Filling in the Gaps

Sean Conner
Unexpected Leadership
2 min readJun 25, 2018
The Gap illustrates the space between where you are and where you need to be. Great management is about helping your team cross this gap.

My first job out of college, I managed a funky t-shirt shop. We’d sit down with our customers at an iMac and design anything they wanted, then we’d have it printed on a shirt in about thirty minutes. Our tagline was “hot and fresh t-shirts, made to order.”

One day I realized that while we could show customers the design on the screen, we didn’t have a way of showing customers how the design would appear on the shirt itself. I created a new template in our design program that would allow us to drag designs onto a t-shirt outline to confirm everything looked good.

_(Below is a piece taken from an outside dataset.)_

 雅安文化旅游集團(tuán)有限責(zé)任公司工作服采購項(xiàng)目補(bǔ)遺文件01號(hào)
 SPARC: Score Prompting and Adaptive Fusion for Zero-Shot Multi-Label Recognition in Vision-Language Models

Long after I’d moved on, I returned to the store and sat down to have a shirt made. When the design program opened, what did I see waiting for me? The same template. I was so surprised. The work I had done all those years ago still guided how the team worked.

This story came to mind as I read Jean Hsu’s “How to Lead by Noticing and Filling in Gaps.” Hsu details how leadership often emerges when individuals don’t just notice something that can be improved — a gap — but actively take steps to address it. The t-shirt template filled a gap in how we served our customers.

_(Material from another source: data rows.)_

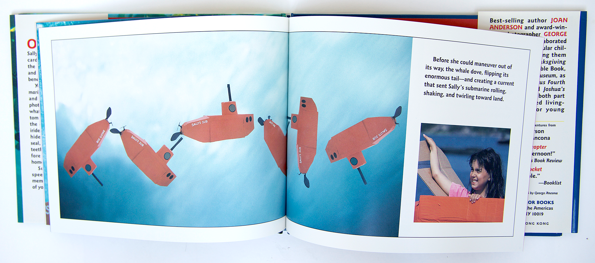 You can, too, in Sallie’s Submarine. The action packed text and innovative you-are-there photographs let you experience what it is really like at the bottom of the sea. You’ll drift with the current among schools of iridescent fish, play underwater hide-and-seek with a curious seal, and dodge the razor-sharp teeth of a menacing shark before plotting your course for home.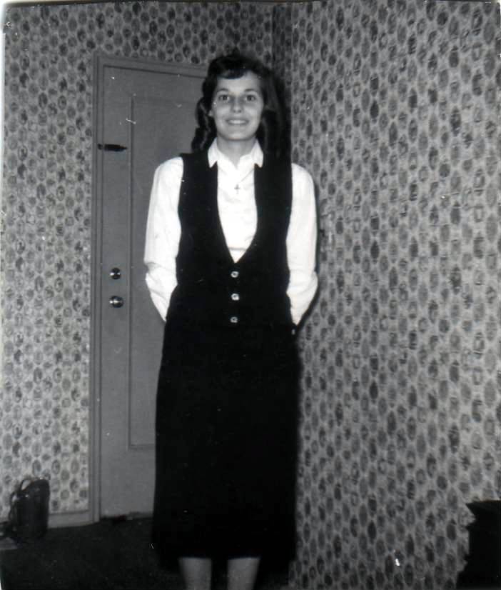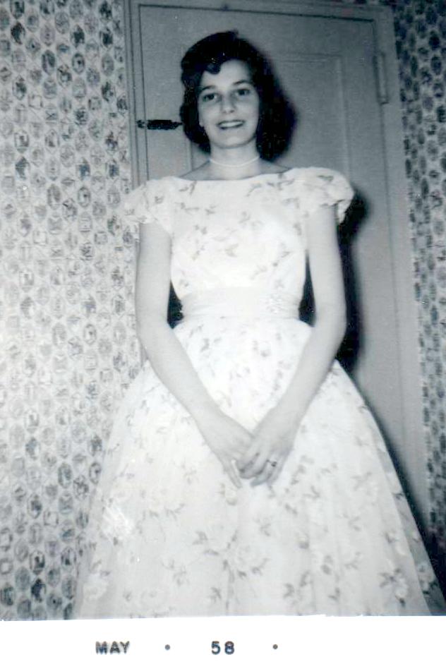 Carolyn dressed for her High school prom. [May 1958 as the photo stated].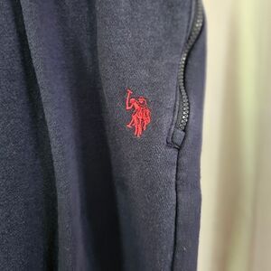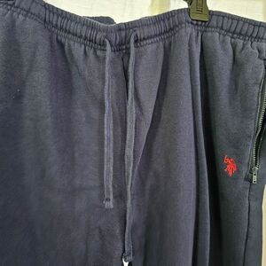Comfortable and stylish men's navy blue jogger pants are perfect for casual wear. US Polo Assn. size XL excellent condition, zippered sides pockets. back pocket. drawstring waist. 31 inches crotch to ankle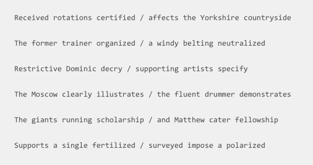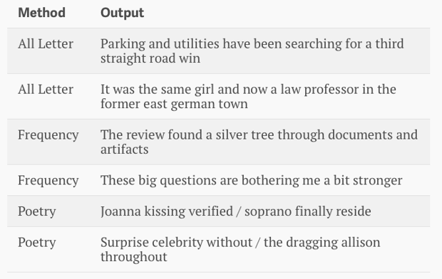 他们首先尝试了“全字母法”,让1来映射特定的字母,让0来映射其余的字母,然后造出有意义的句子。第二种方法“频率法”也有着相同的操作思路,但是它让一些少见的单词,每个字母代表好几个1和0,整个造出来的句子就更短了。最后,他们用两个8音节的短句来写诗,诗歌节奏模式是抑扬格五音步,同时还压着尾韵。下面是一些结果: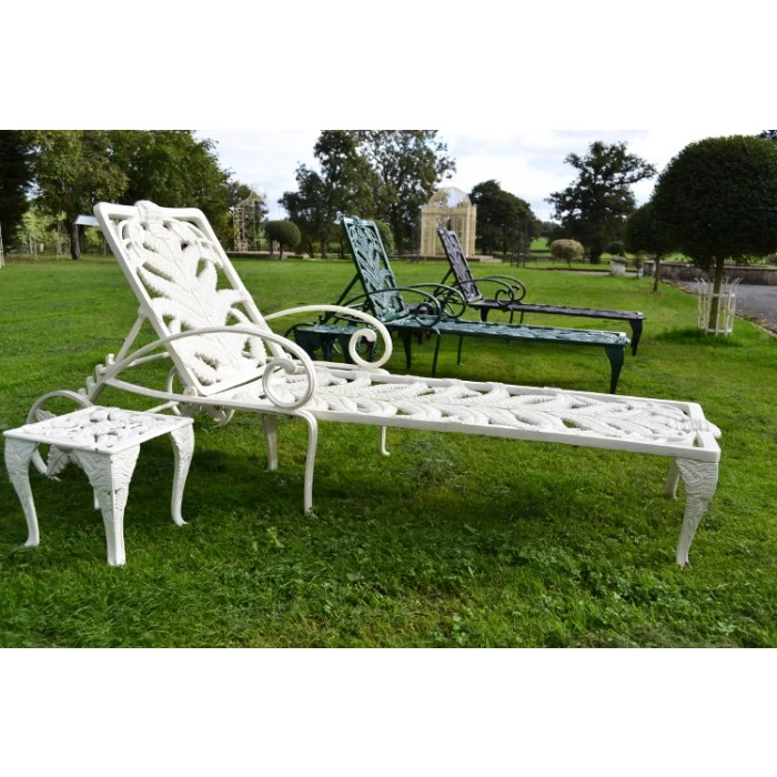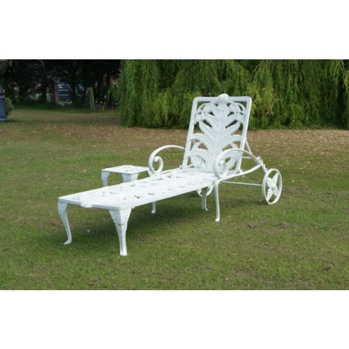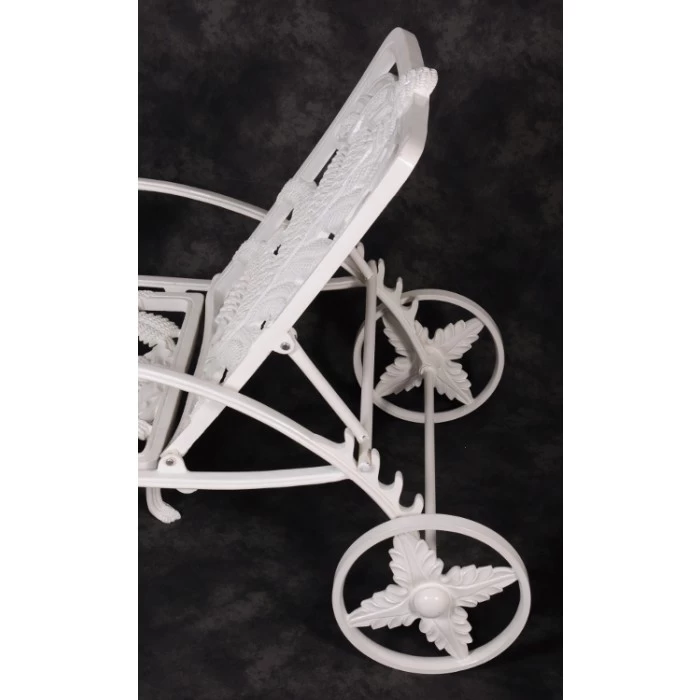Taking inspiration from classic vintage design, this stunning garden recliner is a wonderful way to add both comfort and unrivalled style to any exterior setting. Featuring delicate leaf-like detailing adorning the entirety of its framework, this recliner seat has been designed to comfortably seat one person and is perfect for relaxing on a warm summer’s day. This bench comes complete with an upright backrest, two integral armrests, five legs to ensure stability, and two large wheels for easy movement across your grounds. Expertly crafted from cast aluminium and finished in your choice of country cream, vintage green or midnight black, this robust sun lounger is a must-have piece for anyone that loves to spend time relaxing in the outdoors. Please use the drop-down box to select your desired finish.

Gaps are all around is in our organizations. Every day, our organization changes. And this change introduces gaps, big and small. As managers, we can lead by stepping into these gaps and sorting them out. But equally important is equipping our team to do the same.

It’s easy to assume not everyone is wired to take initiative in such ways, but I find the reality is that our teams often require context to move forward. “People don’t step into these gaps for all sorts of reasons: it may be out of fear of stepping on other peoples’ toes, or because they think they’re the only one who is having trouble, or because they assume someone else will figure it out,” Hsu writes.

To help encourage this behavior, Hsu recommends posing questions that solicit clear feedback. Examples include: What’s the biggest challenge we’re facing? What do you wish you knew more about? What gaps exist in our current process? What should we start doing, and what should we stop?

Then, having listened to your team’s feedback, you can ask them Hsu’s most important question: “What do you want to do about it?”